● Task to complete
Please retype, word for word, the line containing "狀態(tài)畫(huà)面" and every line after it through the end of the records, leaving out all pictures.
** Opening Source information block **
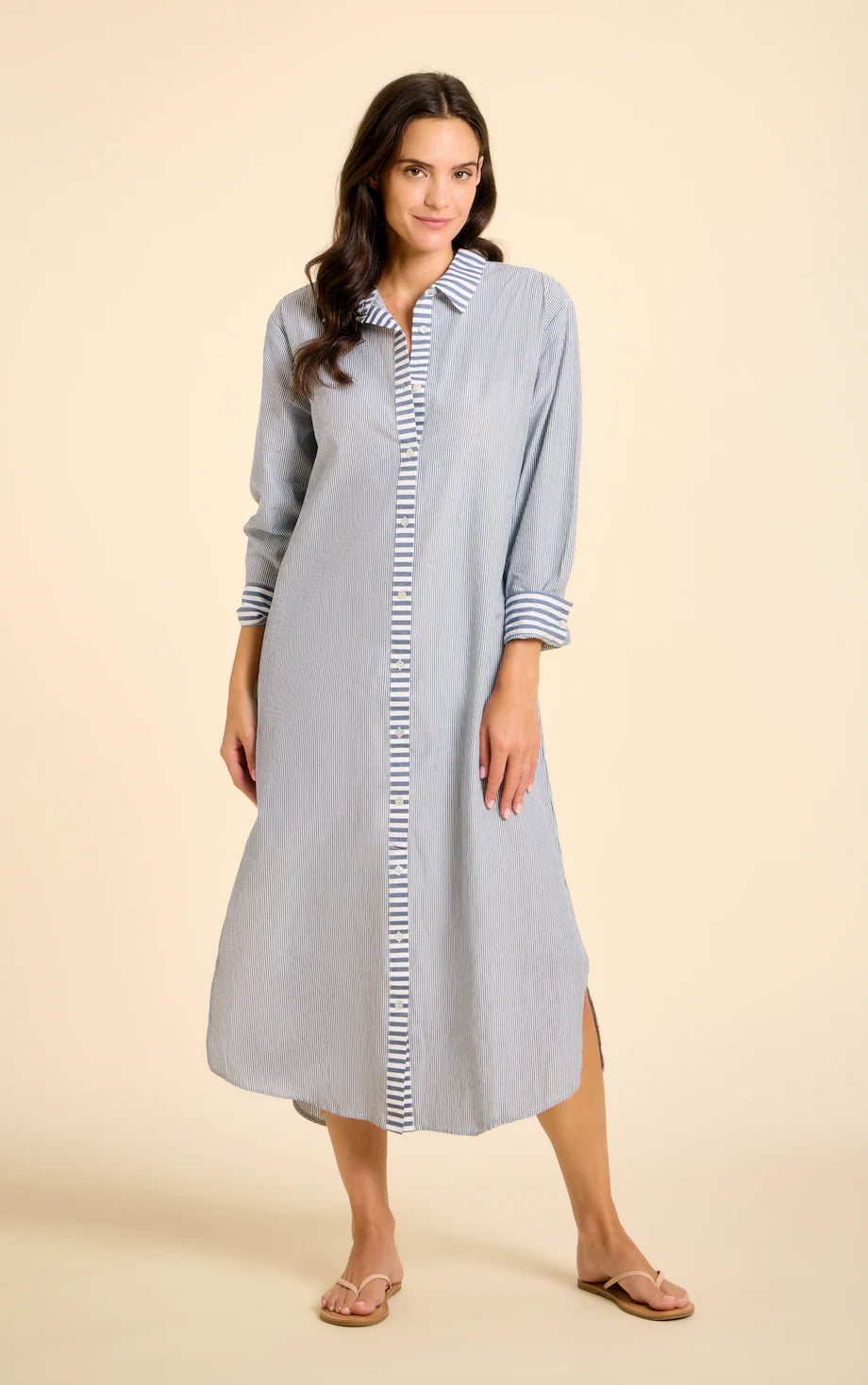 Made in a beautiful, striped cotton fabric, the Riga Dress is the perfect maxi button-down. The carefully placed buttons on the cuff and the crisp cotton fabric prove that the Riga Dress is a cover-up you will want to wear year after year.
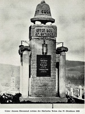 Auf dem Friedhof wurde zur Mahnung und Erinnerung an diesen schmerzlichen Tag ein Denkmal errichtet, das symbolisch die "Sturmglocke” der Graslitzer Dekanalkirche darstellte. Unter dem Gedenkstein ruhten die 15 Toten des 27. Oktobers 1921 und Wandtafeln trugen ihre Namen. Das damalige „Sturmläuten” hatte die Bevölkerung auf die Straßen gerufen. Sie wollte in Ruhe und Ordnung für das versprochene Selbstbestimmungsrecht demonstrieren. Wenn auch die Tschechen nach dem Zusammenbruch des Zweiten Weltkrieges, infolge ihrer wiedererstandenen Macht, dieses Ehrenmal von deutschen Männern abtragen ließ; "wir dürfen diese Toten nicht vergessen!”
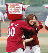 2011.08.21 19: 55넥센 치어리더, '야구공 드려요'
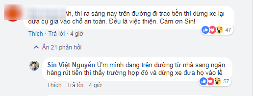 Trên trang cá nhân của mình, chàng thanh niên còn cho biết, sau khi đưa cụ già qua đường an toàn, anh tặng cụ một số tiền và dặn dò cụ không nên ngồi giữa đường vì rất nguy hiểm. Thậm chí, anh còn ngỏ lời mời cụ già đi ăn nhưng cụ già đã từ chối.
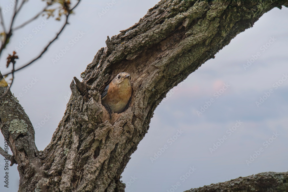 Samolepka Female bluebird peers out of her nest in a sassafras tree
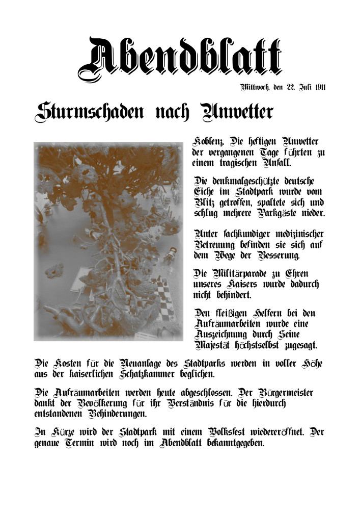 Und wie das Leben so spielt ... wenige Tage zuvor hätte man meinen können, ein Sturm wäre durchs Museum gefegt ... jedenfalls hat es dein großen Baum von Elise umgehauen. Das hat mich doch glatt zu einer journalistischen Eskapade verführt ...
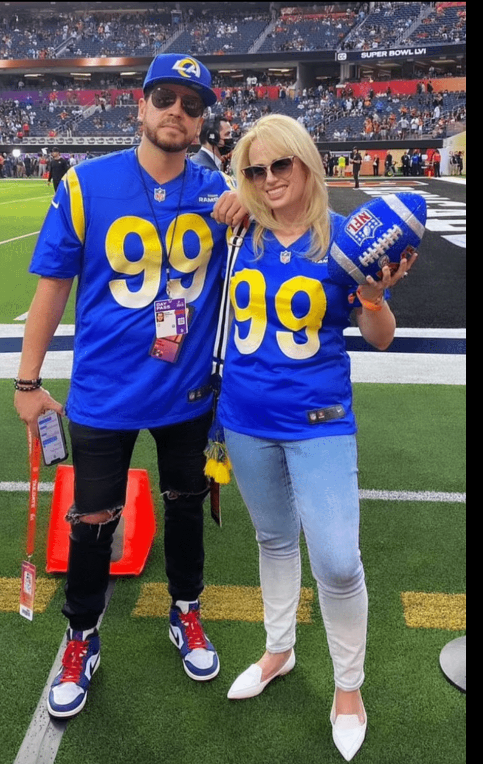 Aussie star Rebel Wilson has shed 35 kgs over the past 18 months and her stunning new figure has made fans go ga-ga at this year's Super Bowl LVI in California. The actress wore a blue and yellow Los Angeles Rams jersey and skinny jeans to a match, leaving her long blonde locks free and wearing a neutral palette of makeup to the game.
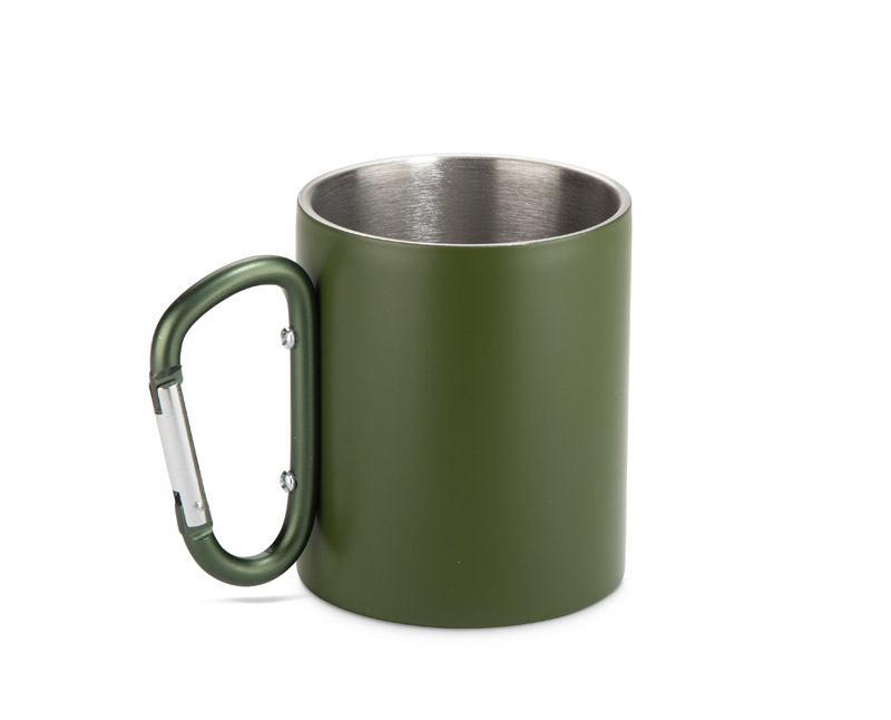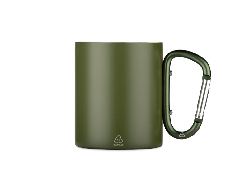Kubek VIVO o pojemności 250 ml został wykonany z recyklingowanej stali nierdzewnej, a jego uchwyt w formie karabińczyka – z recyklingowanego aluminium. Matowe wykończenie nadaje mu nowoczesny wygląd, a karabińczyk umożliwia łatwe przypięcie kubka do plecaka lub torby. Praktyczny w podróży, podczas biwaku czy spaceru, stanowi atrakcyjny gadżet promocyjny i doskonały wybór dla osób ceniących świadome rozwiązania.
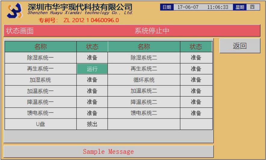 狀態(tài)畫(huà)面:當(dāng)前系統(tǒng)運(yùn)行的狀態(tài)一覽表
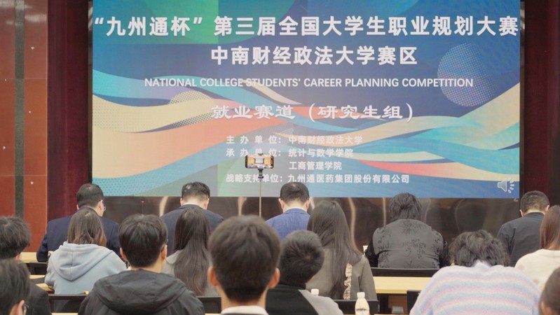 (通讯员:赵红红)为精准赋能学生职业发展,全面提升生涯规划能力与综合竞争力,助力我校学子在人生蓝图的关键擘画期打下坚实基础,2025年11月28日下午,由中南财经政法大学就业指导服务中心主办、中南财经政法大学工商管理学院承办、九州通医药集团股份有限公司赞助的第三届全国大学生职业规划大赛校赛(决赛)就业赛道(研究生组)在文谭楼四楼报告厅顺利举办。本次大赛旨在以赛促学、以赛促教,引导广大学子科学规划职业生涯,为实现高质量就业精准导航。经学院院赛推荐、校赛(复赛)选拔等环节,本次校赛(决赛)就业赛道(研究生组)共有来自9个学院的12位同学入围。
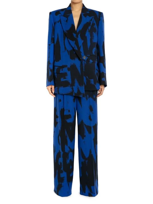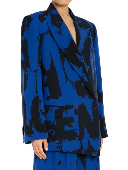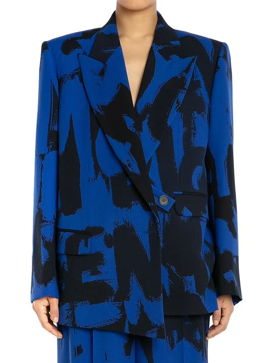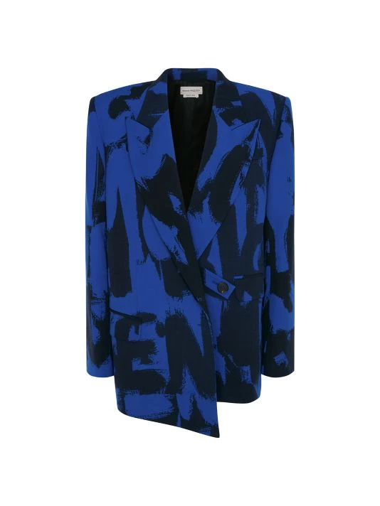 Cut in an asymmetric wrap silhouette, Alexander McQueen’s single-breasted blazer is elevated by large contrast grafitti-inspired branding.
** Closing Source information block **
● Written solution
 狀態(tài)畫(huà)面:當(dāng)前系統(tǒng)運(yùn)行的狀態(tài)一覽表
 (通讯员:赵红红)为精准赋能学生职业发展,全面提升生涯规划能力与综合竞争力,助力我校学子在人生蓝图的关键擘画期打下坚实基础,2025年11月28日下午,由中南财经政法大学就业指导服务中心主办、中南财经政法大学工商管理学院承办、九州通医药集团股份有限公司赞助的第三届全国大学生职业规划大赛校赛(决赛)就业赛道(研究生组)在文谭楼四楼报告厅顺利举办。本次大赛旨在以赛促学、以赛促教,引导广大学子科学规划职业生涯,为实现高质量就业精准导航。经学院院赛推荐、校赛(复赛)选拔等环节,本次校赛(决赛)就业赛道(研究生组)共有来自9个学院的12位同学入围。
 Cut in an asymmetric wrap silhouette, Alexander McQueen’s single-breasted blazer is elevated by large contrast grafitti-inspired branding.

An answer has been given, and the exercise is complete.